= WHAT YOU HAVE TO DO =
Omitting all images, output the entries that follow exactly as written.

= DATA TO PROCESS =
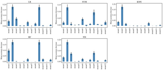 A sensitivity analysis was conducted to examine the impact of each feature on the performance of the models. The analysis was performed through the permutation of the feature values by using the function permutation_importance of the scikit-learn library. The feature importance for each ML model is shown in the plots of Figure 3; for most models, the most important features are the mean value of Mel coefficients 1, 2, 9 and in lesser proportion 3, 6, 12. Furthermore, there are features with a minimum effect, such as the mean value of Mel coefficients 4 and 11.
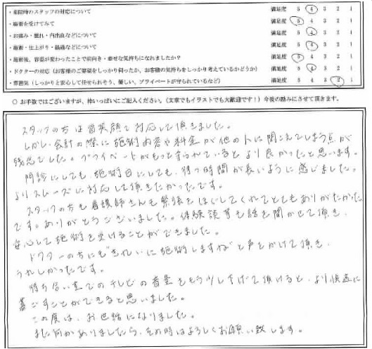 名倉ドクターの方にも ” きれいに施術しますね ”と声をかけて頂き、うれしかったです。
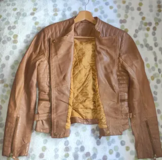 Chaqueta de piel de color marrón. - Cuello redondo con cierre de botón. - Bolsillos laterales con cremallera. - Puños y cintura elásticos. - La talla es XL pero talla un poco pequeña como L - Medidas: Hombros 46, Largo 65, Pecho 53 cm
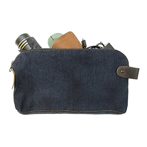 Reporpused Denim Large All Purpose Dopp Kit Utility Bag (Cords, Chargers, Tools, School / Office Supplies) Handmade by Hide & Drink
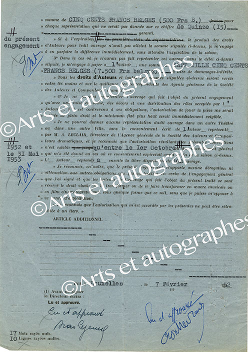 Contrat imprimé signéContrat imprimé signé. Bruxelles, 7 février 1952 ; 2 pages in-4°. « Je soussigné Oscar Lejeune Directeur du Théâtre du Parc à Bruxelles m’engage vis-à-vis de Monsieur de Montherlant auteur de la pièce en 3 actes intitulée «...
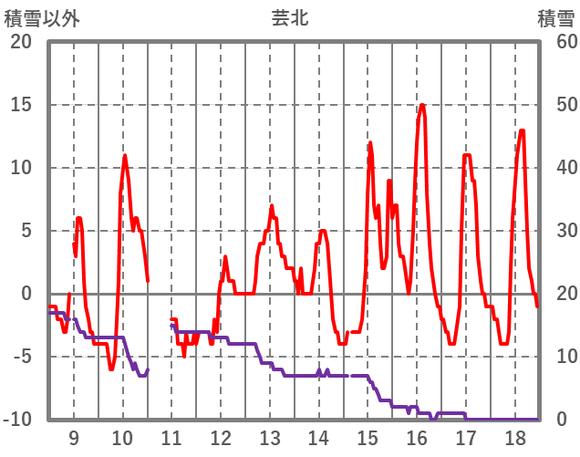 | 日 | 時 | 気温 | 降水 | 風向/風速 | 日照 | 積雪 | 降雪 |
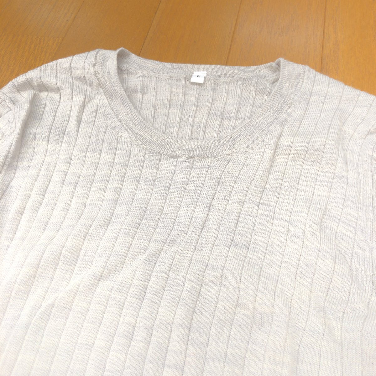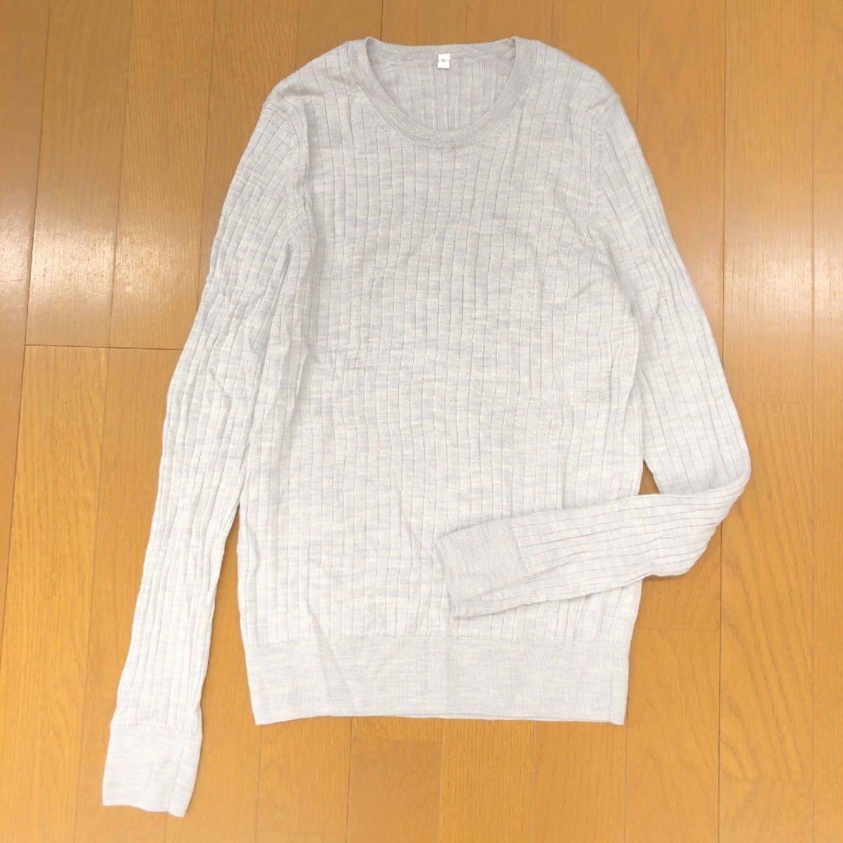 MUJI 無印良品 定価3,990円+税 シルクブレンド ワイドリブ クルーネック ニット セーター L グレー カットソー 長袖 レディース 女性用
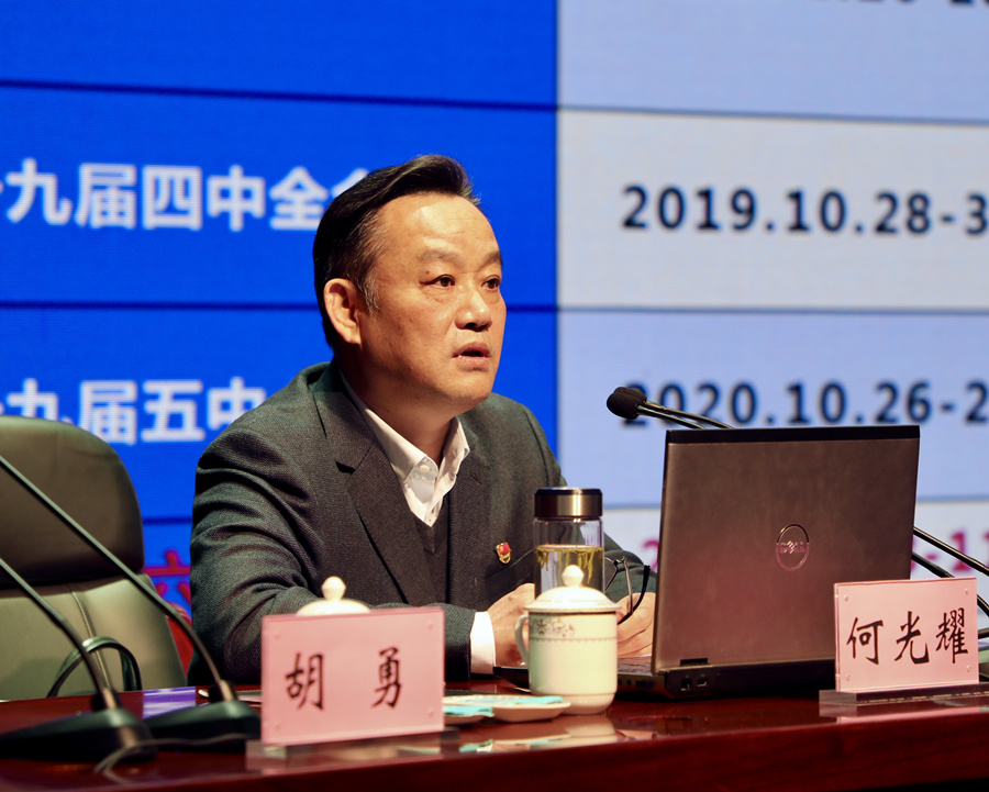 何光耀指出,黨的十九屆六中全會是在黨和國家事業(yè)發(fā)展的重大歷史關(guān)頭召開的一次重要會議,具有劃時代、里程碑意義。學(xué)習(xí)宣傳貫徹十九屆六中全會精神是全黨當(dāng)前和今后一個時期的重大政治任務(wù)。

= TASK OUTPUT =
 A sensitivity analysis was conducted to examine the impact of each feature on the performance of the models. The analysis was performed through the permutation of the feature values by using the function permutation_importance of the scikit-learn library. The feature importance for each ML model is shown in the plots of Figure 3; for most models, the most important features are the mean value of Mel coefficients 1, 2, 9 and in lesser proportion 3, 6, 12. Furthermore, there are features with a minimum effect, such as the mean value of Mel coefficients 4 and 11.
 名倉ドクターの方にも ” きれいに施術しますね ”と声をかけて頂き、うれしかったです。
 Chaqueta de piel de color marrón. - Cuello redondo con cierre de botón. - Bolsillos laterales con cremallera. - Puños y cintura elásticos. - La talla es XL pero talla un poco pequeña como L - Medidas: Hombros 46, Largo 65, Pecho 53 cm
 Reporpused Denim Large All Purpose Dopp Kit Utility Bag (Cords, Chargers, Tools, School / Office Supplies) Handmade by Hide & Drink
 Contrat imprimé signéContrat imprimé signé. Bruxelles, 7 février 1952 ; 2 pages in-4°. « Je soussigné Oscar Lejeune Directeur du Théâtre du Parc à Bruxelles m’engage vis-à-vis de Monsieur de Montherlant auteur de la pièce en 3 actes intitulée «...
 | 日 | 時 | 気温 | 降水 | 風向/風速 | 日照 | 積雪 | 降雪 |
 MUJI 無印良品 定価3,990円+税 シルクブレンド ワイドリブ クルーネック ニット セーター L グレー カットソー 長袖 レディース 女性用
 何光耀指出,黨的十九屆六中全會是在黨和國家事業(yè)發(fā)展的重大歷史關(guān)頭召開的一次重要會議,具有劃時代、里程碑意義。學(xué)習(xí)宣傳貫徹十九屆六中全會精神是全黨當(dāng)前和今后一個時期的重大政治任務(wù)。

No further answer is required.